In a glimmer of hope for residents of the besieged port city, more than 160 civilian cars were able to leave along a humanitarian evacuation route Monday after several failed attempts.

In Kyiv only roads to the south remain open, according to the Ukrainian presidency. City authorities have set up checkpoints, and residents are stockpiling food and medicine.

The northwestern suburb of Bucha is held by Russian forces, along with parts of Irpin, Ukrainian soldiers told AFP, although the Russians are encountering resistance east and west of the capital according to AFP journalists on the scene.

'World War III'

Ukraine's leader Zelensky on Monday renewed his call for NATO to impose a no-fly zone over his country -- a day after at least 35 people were killed in Russian air strikes near the border with NATO member Poland.

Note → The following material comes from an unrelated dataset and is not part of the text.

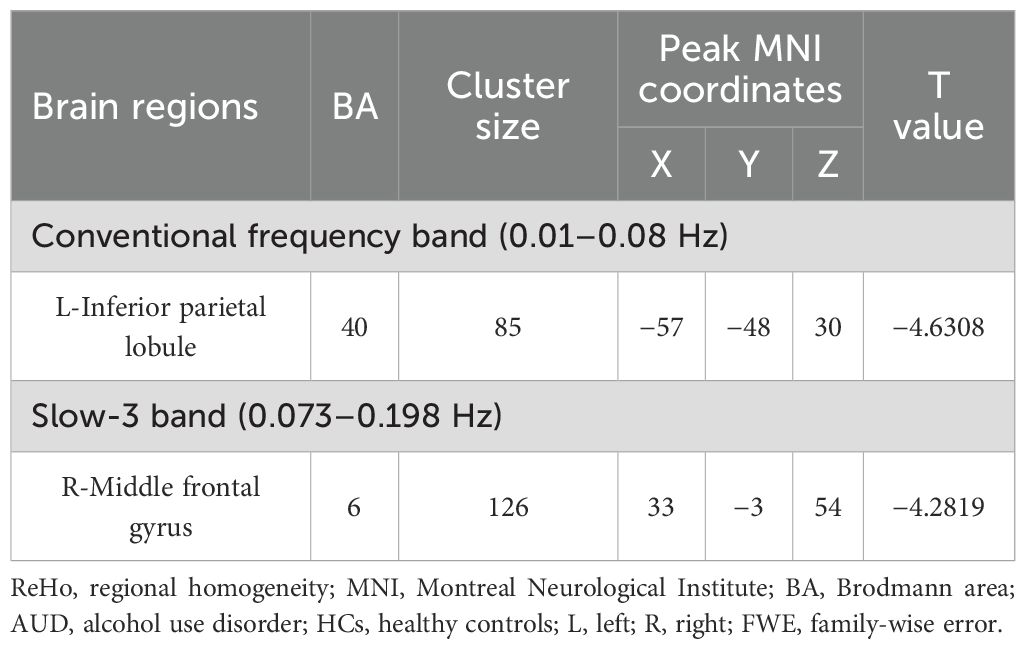 Table 2. The ReHo difference in each frequency band between patients with AUD and HCs (p < 0.05, cluster-level FWE corrected).

"If you do not close our sky, it is only a matter of time before Russian missiles fall on your territory, on NATO territory, on the homes of NATO citizens," Zelensky warned in a video address.

President Joe Biden and America's NATO allies so far have consistently refused, arguing that any attempt to establish a no-fly zone would place them in direct conflict with nuclear-armed Russia.

Instead, Washington and its EU allies have poured funds and military aid into Ukraine and imposed unprecedented economic sanctions on Russia.

In Biden's words: NATO fighting Russia "is World War III."